Data extracted from a collection >>
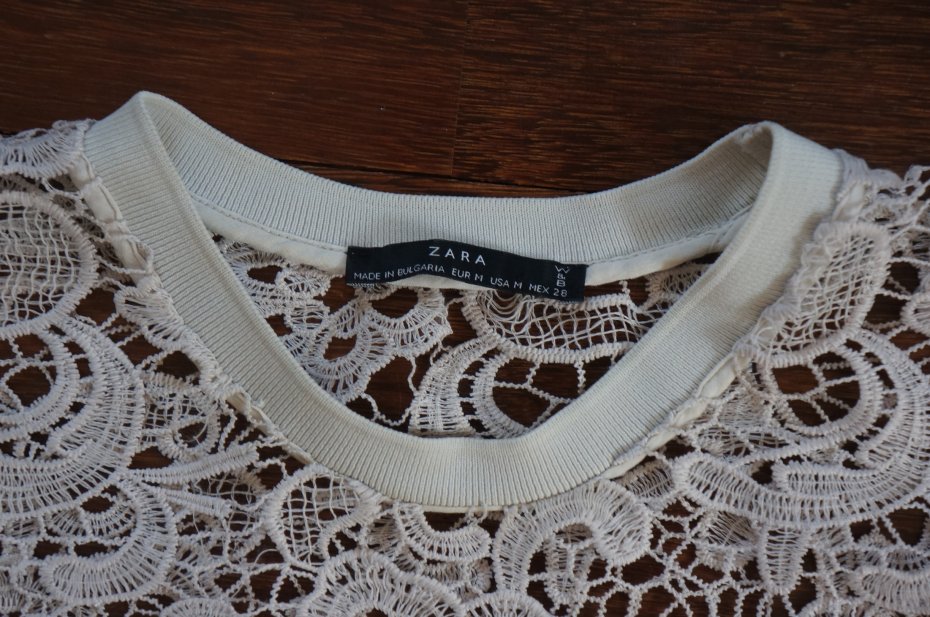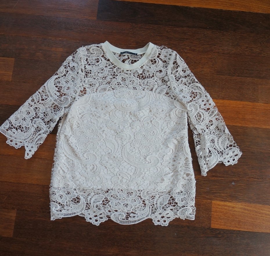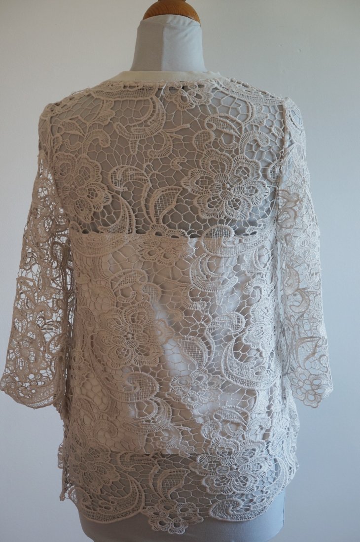 Koronkowa bluzka marki Zara. Rękaw ¾. Tułów na podszewce.
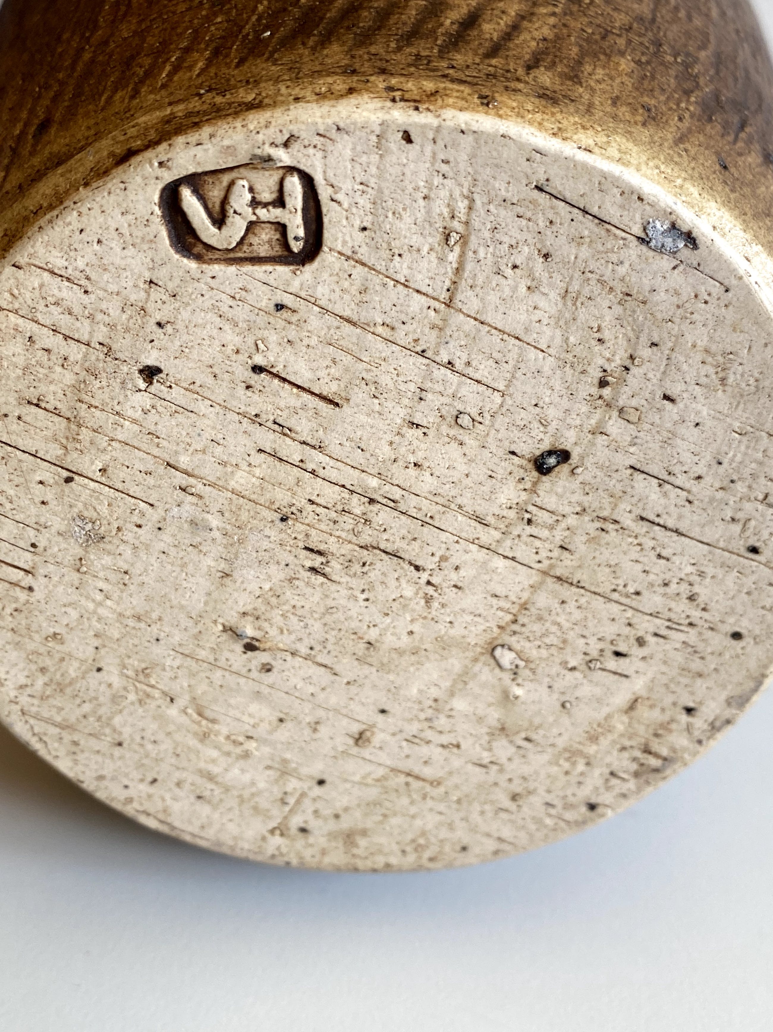 Vaasvorm van Vilma Henkelman gemaakt in haar Haagse Atelier rond 1976. de vaas heeft twee chipjes. Gesigneerd met monogram.
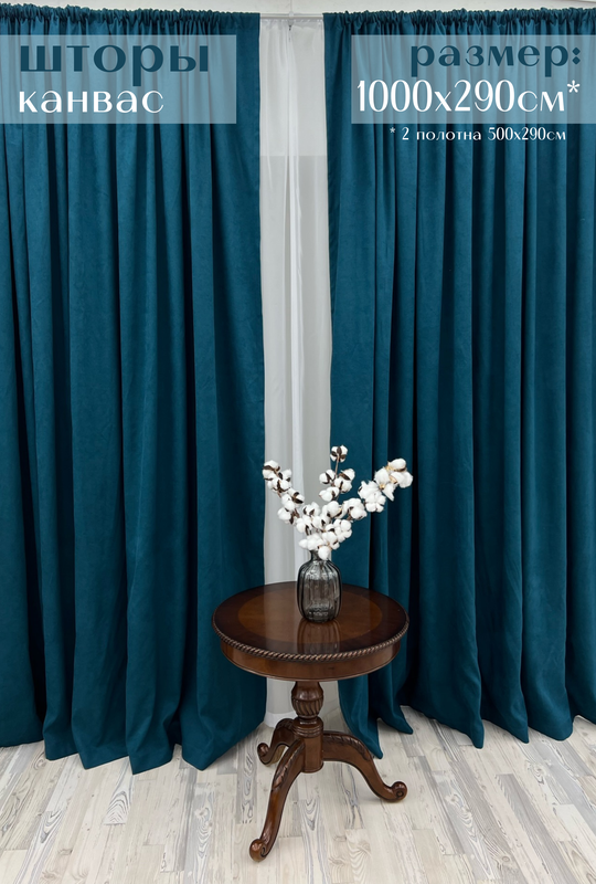 Шторы Милкитекс Канвас 1000х290см (500х290см - 2шт), сине-зеленые, Канвас
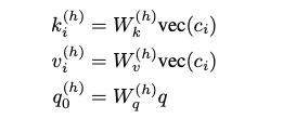 W(h)k 、 W(h)v 和 W(h)q为键(key)、值(value)和查询(query)的嵌入矩阵。输出为三个d维向量。将每项分隔到不同内存中,可以让我们在执行内存查找时了解如何对每项进行加权。
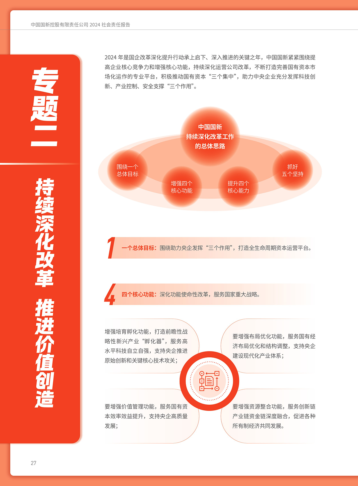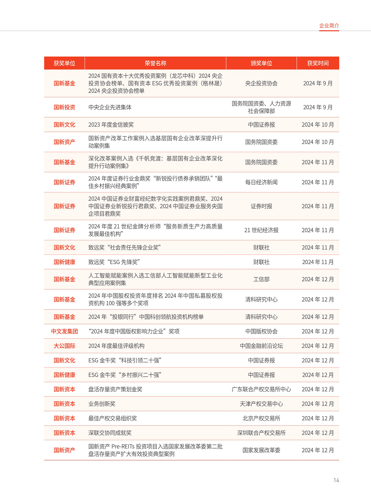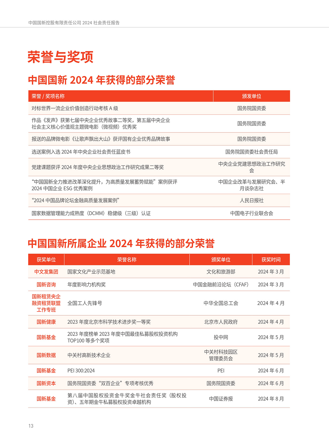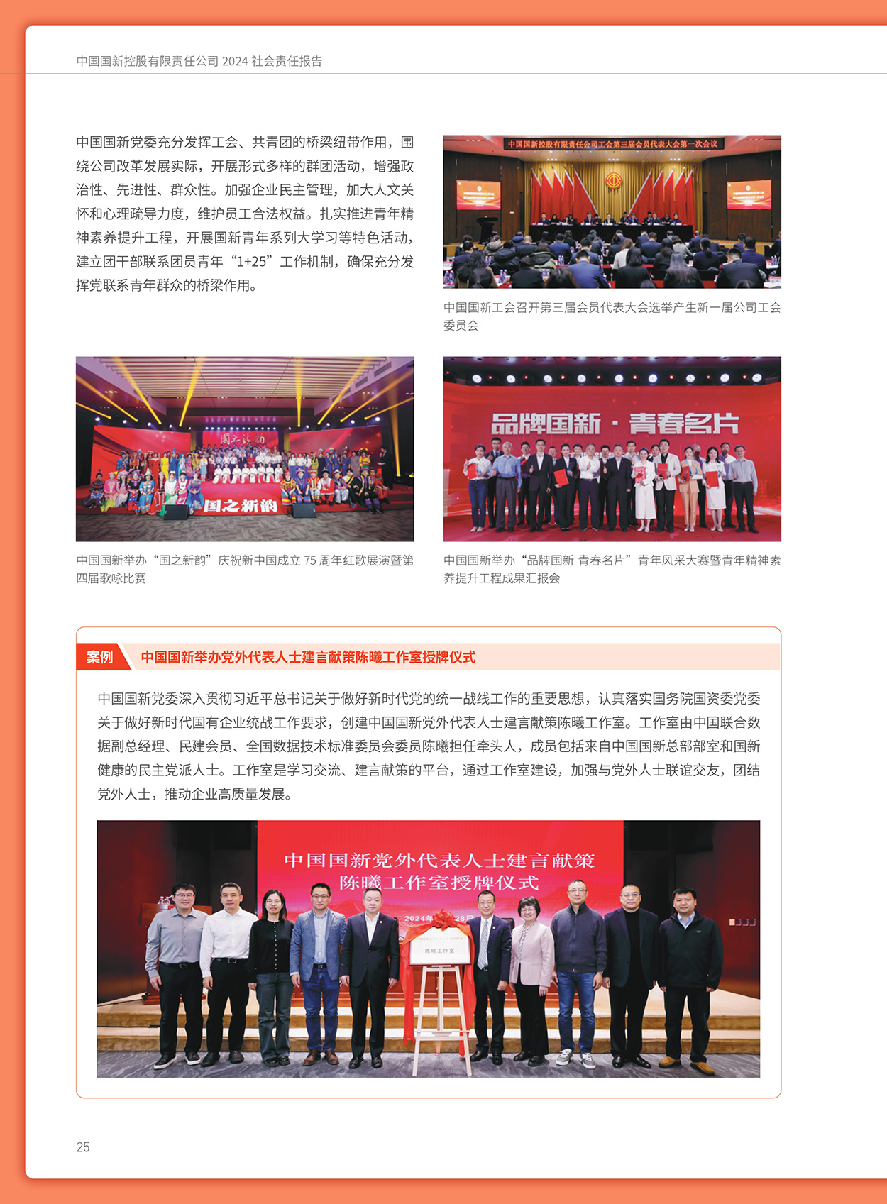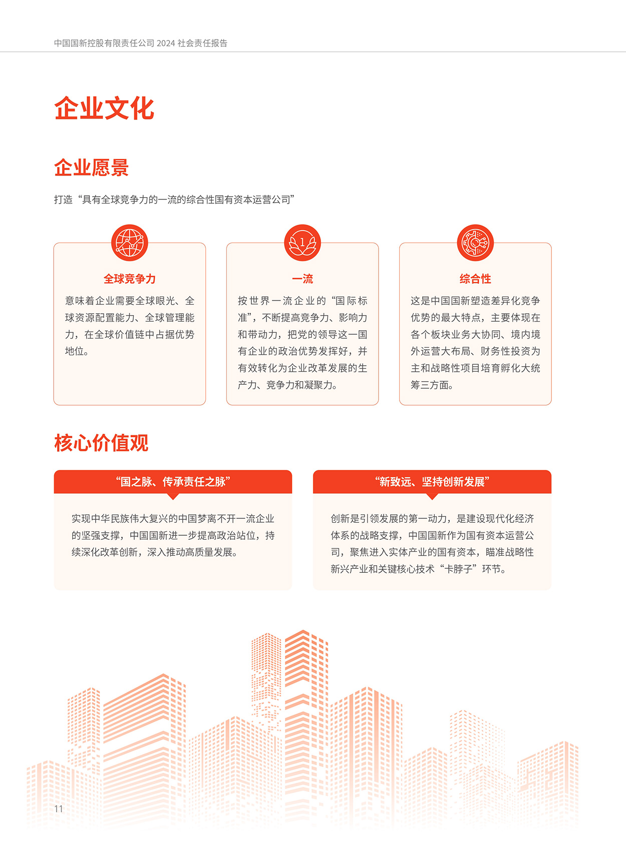本報告是中國國新控股有限責任公司發布的第14份社會責任報告,反映中國國新2024年度在履行經濟責任、政治責任、社會責任中促進企業改革發展、員工成長及構建和諧企業等方面的實踐和績效,旨在積極回應利益相關方的關注,為各利益相關方提供便捷的溝通渠道。
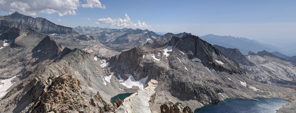 Best I can do is a picture Taken from Triple Divide Peak looking south. Black Kaweah on the far left and Lion Rock in the foreground above the pretty lake. Looks a little on the jagged side! You lookin to hit that this summer? Maybe this link works too Triple Divide photosphere |
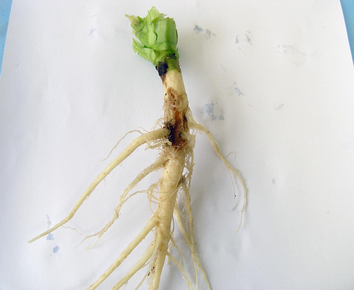 Obr. 4: Kořen řepky ozimé poškozený od larev květilky zelné
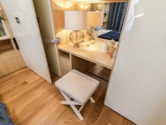 - классические гримерные, оснащенные яркой подсветкой и вместительными отделениями для косметики;
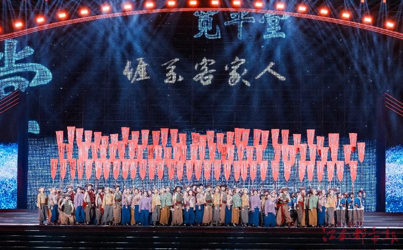 開門迎客的序章上,以龍舟鼓舞與情景講述《客從何來》,是對客家淵源的探索,更是全球客家人山水相依的結緣。開篇的客途為家,以光影音畫表演 、情景演唱以及非遺情景儀式表演《遷徙南渡》《圍屋之歌》《安家喜釀》時光瞬間被拉回至千年前,客家人的歷史徐徐展開。隨著時空轉換,巨幕上的圍屋連接古今,講述著客家人遷徙的歷史。客家文化流淌千年,圍屋燈火映照古今,客家山歌唱著綠水青山與金山銀山的故事,就此安居樂業。
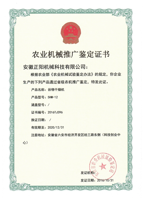 農(nóng)業(yè)機(jī)械推廣鑒定證書
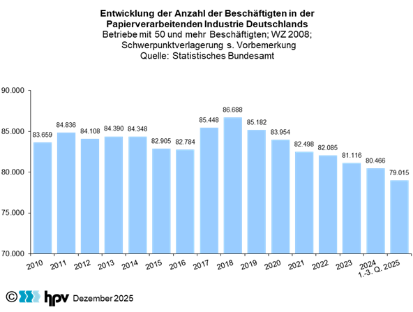- Die Anzahl der Beschäftigten in der Papierverarbeitenden Industrie sinkt seit dem Höchststand von 2018 kontinuierlich. Im Durchschnitt des Jahres 2018 waren in den Betrieben mit 50 und mehr Beschäftigten 86.688 Personen beschäftigt, 2024 waren es durchschnittlich 80.466 und in den ersten drei Quartalen 2025 noch 79.015.
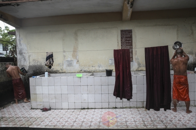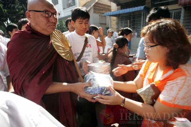 Shwe Nya War Sayadaw going around to accept the offering, 15 Feb 2012, Myanmar.
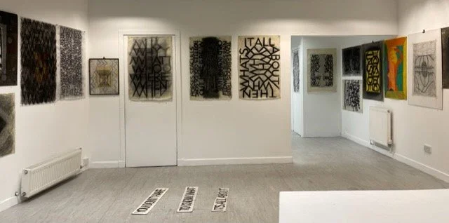 I’ve often used words and/or text in drawing but, for a time at least, they appear to have taken over, to become the main building block of the image on paper and spell out what the drawings are about Statements – questions - no answers or resolutions but, on the positive side, the fact of wonder.
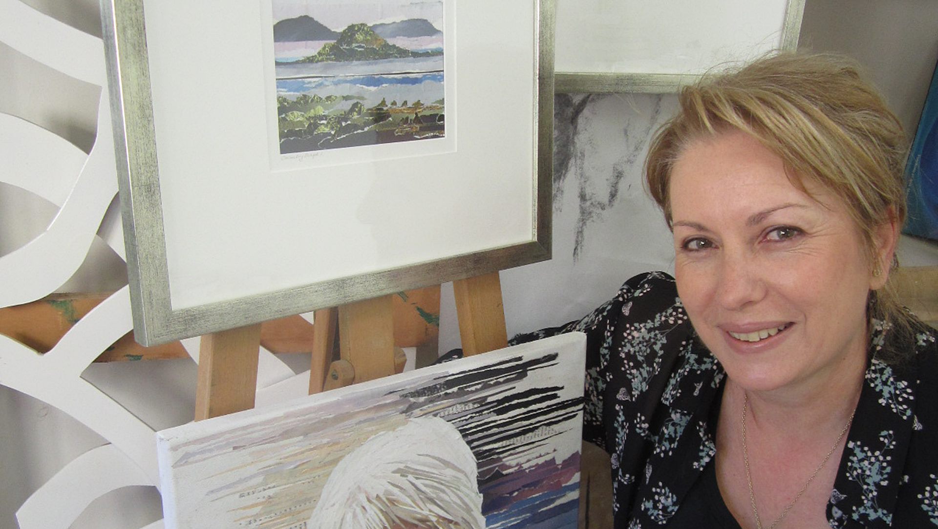 | Vasy's collage landscapes are complex compositions of colour, cut from magazines and pieced together into peaceful natural scenes. What appear as painted landscapes from a distance are actually compositions of unrelated images. Each apparent 'brushstroke' is an intricate play of colour cut from unwanted magazines and newspapers, detached and fragmented. The attempt is to capture the simplicity of nature and evoke a sense of peace from material which is mass produced and so readily discarded. Mass print, representative of today's complexity, is pieced together into scenes that invite us to connect with nature and momentarily transport us to a simple place. Lines and Layers ← Pieces and Strips I look at a distant landscape and see lines. Beginning with the horizon, I build a picture in linear strips above and below this line. Pieces of discarded print merge together to form land, sea and sky. Coloured strips are ‘blended’ the same way you would with paint. I either tear or cut. A torn edge is raw and unpredictable and can resemble the distant crest of a rolling wave or a soft whisp of cloud. A clean cut defines the horizon or the sharp shimmer of a highlight. The transparent quality of thin matt print ‘melts’ in to the canvas when pasted down. This together with overlapping, gives depth to a cloudy sky. Alternatively, thick gloss print highlights solid features within a landscape. |
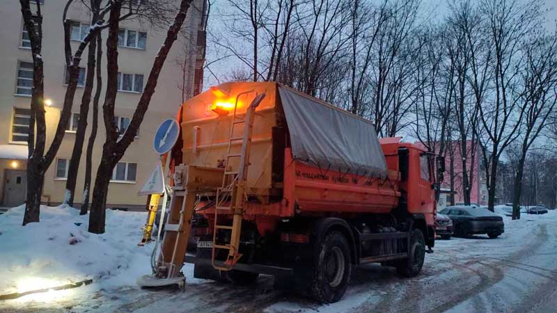 В связи с гололедицей, коммунальные службы Партизанского района проводят обработку дорожного покрытия. Задействовано:

THE PROBLEM >>
Only the lines from the top of the data through the line with "I’ve often used" should be quoted, exactly and with both ends kept; skip the pictures.

EXPECTED ANSWER >>
 Koronkowa bluzka marki Zara. Rękaw ¾. Tułów na podszewce.
 Vaasvorm van Vilma Henkelman gemaakt in haar Haagse Atelier rond 1976. de vaas heeft twee chipjes. Gesigneerd met monogram.
 Шторы Милкитекс Канвас 1000х290см (500х290см - 2шт), сине-зеленые, Канвас
 W(h)k 、 W(h)v 和 W(h)q为键(key)、值(value)和查询(query)的嵌入矩阵。输出为三个d维向量。将每项分隔到不同内存中,可以让我们在执行内存查找时了解如何对每项进行加权。
本報告是中國國新控股有限責任公司發布的第14份社會責任報告,反映中國國新2024年度在履行經濟責任、政治責任、社會責任中促進企業改革發展、員工成長及構建和諧企業等方面的實踐和績效,旨在積極回應利益相關方的關注,為各利益相關方提供便捷的溝通渠道。
 Best I can do is a picture Taken from Triple Divide Peak looking south. Black Kaweah on the far left and Lion Rock in the foreground above the pretty lake. Looks a little on the jagged side! You lookin to hit that this summer? Maybe this link works too Triple Divide photosphere |
 Obr. 4: Kořen řepky ozimé poškozený od larev květilky zelné
 - классические гримерные, оснащенные яркой подсветкой и вместительными отделениями для косметики;
 開門迎客的序章上,以龍舟鼓舞與情景講述《客從何來》,是對客家淵源的探索,更是全球客家人山水相依的結緣。開篇的客途為家,以光影音畫表演 、情景演唱以及非遺情景儀式表演《遷徙南渡》《圍屋之歌》《安家喜釀》時光瞬間被拉回至千年前,客家人的歷史徐徐展開。隨著時空轉換,巨幕上的圍屋連接古今,講述著客家人遷徙的歷史。客家文化流淌千年,圍屋燈火映照古今,客家山歌唱著綠水青山與金山銀山的故事,就此安居樂業。
 農(nóng)業(yè)機(jī)械推廣鑒定證書
- Die Anzahl der Beschäftigten in der Papierverarbeitenden Industrie sinkt seit dem Höchststand von 2018 kontinuierlich. Im Durchschnitt des Jahres 2018 waren in den Betrieben mit 50 und mehr Beschäftigten 86.688 Personen beschäftigt, 2024 waren es durchschnittlich 80.466 und in den ersten drei Quartalen 2025 noch 79.015.
 Shwe Nya War Sayadaw going around to accept the offering, 15 Feb 2012, Myanmar.
 I’ve often used words and/or text in drawing but, for a time at least, they appear to have taken over, to become the main building block of the image on paper and spell out what the drawings are about Statements – questions - no answers or resolutions but, on the positive side, the fact of wonder.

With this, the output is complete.